- DATA EXTRACTS -
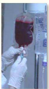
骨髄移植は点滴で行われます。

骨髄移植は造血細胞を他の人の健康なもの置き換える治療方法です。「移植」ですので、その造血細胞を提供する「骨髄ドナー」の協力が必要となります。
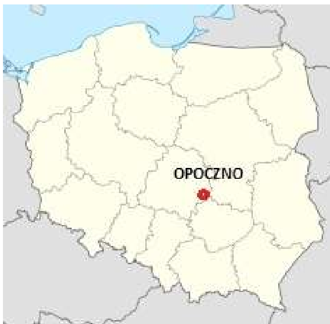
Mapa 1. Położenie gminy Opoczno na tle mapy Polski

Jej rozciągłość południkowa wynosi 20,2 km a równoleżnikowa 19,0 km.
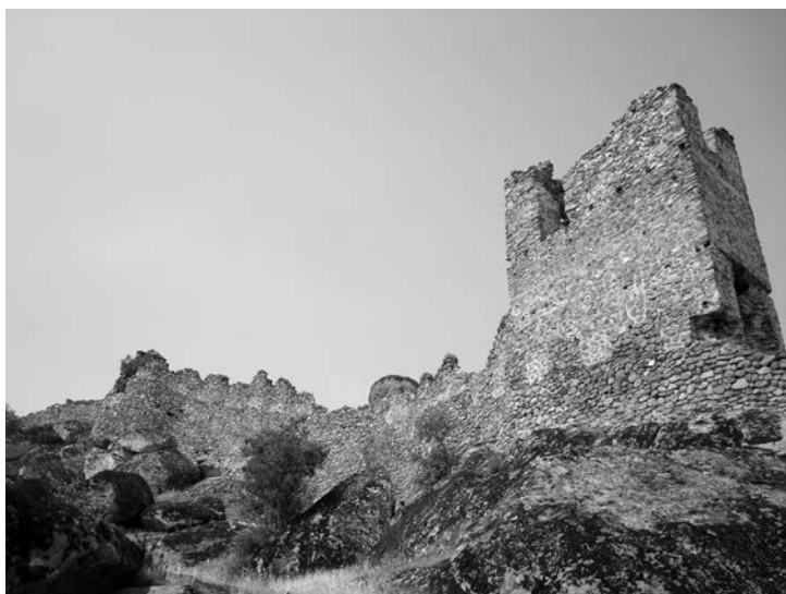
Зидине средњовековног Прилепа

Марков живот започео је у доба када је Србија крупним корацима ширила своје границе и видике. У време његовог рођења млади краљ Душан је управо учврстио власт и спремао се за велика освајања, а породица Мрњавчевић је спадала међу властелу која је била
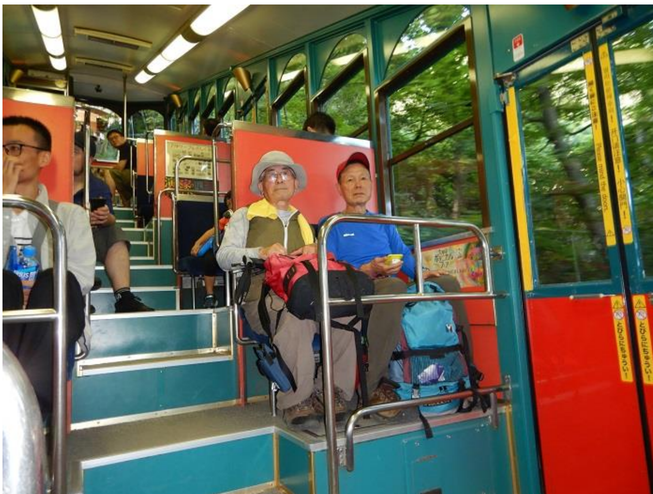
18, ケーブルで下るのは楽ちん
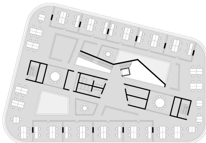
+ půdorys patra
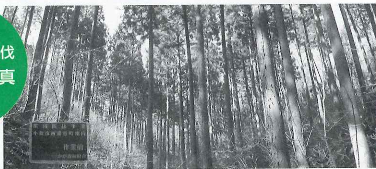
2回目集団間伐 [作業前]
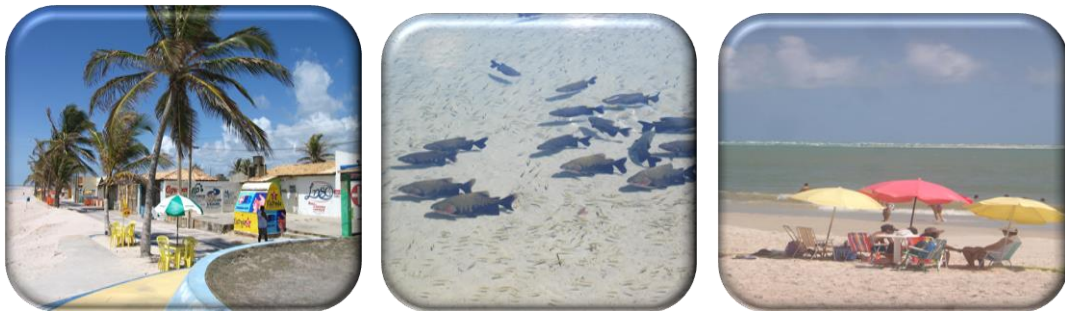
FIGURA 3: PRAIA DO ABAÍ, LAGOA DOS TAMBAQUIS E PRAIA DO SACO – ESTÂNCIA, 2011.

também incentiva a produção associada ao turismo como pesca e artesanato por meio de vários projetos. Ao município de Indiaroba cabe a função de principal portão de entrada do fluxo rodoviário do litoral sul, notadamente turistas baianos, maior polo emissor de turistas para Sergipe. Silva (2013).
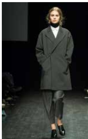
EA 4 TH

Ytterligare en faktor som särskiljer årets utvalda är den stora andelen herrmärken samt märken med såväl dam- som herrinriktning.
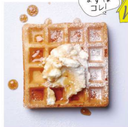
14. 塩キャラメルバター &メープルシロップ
...
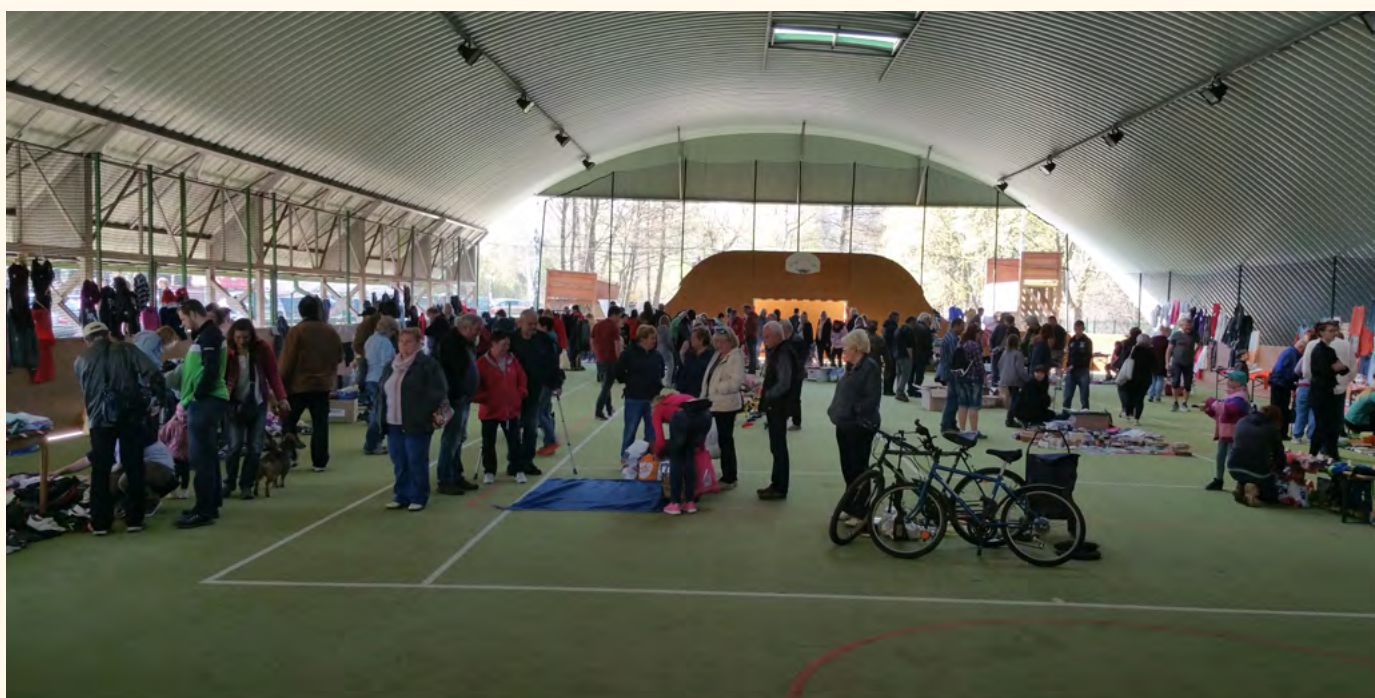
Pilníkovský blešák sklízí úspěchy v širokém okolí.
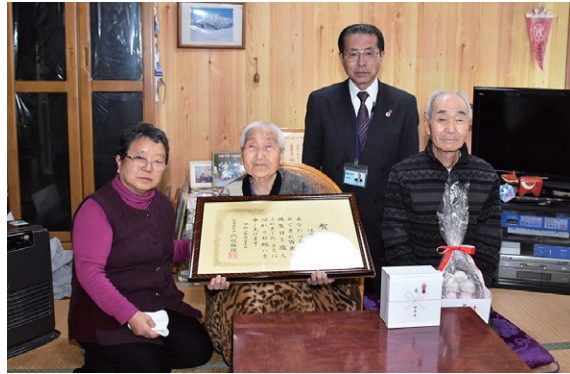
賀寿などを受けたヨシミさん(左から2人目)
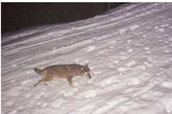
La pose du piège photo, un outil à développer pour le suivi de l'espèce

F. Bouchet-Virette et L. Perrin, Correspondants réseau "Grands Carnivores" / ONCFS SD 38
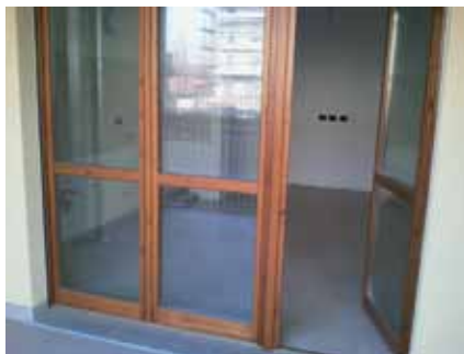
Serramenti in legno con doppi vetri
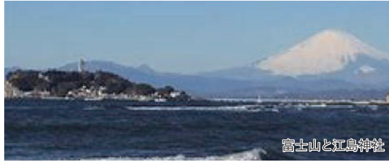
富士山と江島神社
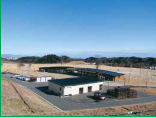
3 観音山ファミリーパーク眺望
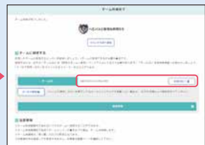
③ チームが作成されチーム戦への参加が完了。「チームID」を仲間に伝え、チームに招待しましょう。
--
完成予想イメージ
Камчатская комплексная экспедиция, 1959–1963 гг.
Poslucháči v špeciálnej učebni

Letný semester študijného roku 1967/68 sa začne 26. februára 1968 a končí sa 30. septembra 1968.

- TASK STATEMENT -
From the line holding "Serramenti in legno con doppi vetri" to the line holding "③ チームが作成されチーム戦", both included, retype the entries above exactly and drop the pictures.

- EXERCISE RESPONSE -
Serramenti in legno con doppi vetri
富士山と江島神社
3 観音山ファミリーパーク眺望
③ チームが作成されチーム戦への参加が完了。「チームID」を仲間に伝え、チームに招待しましょう。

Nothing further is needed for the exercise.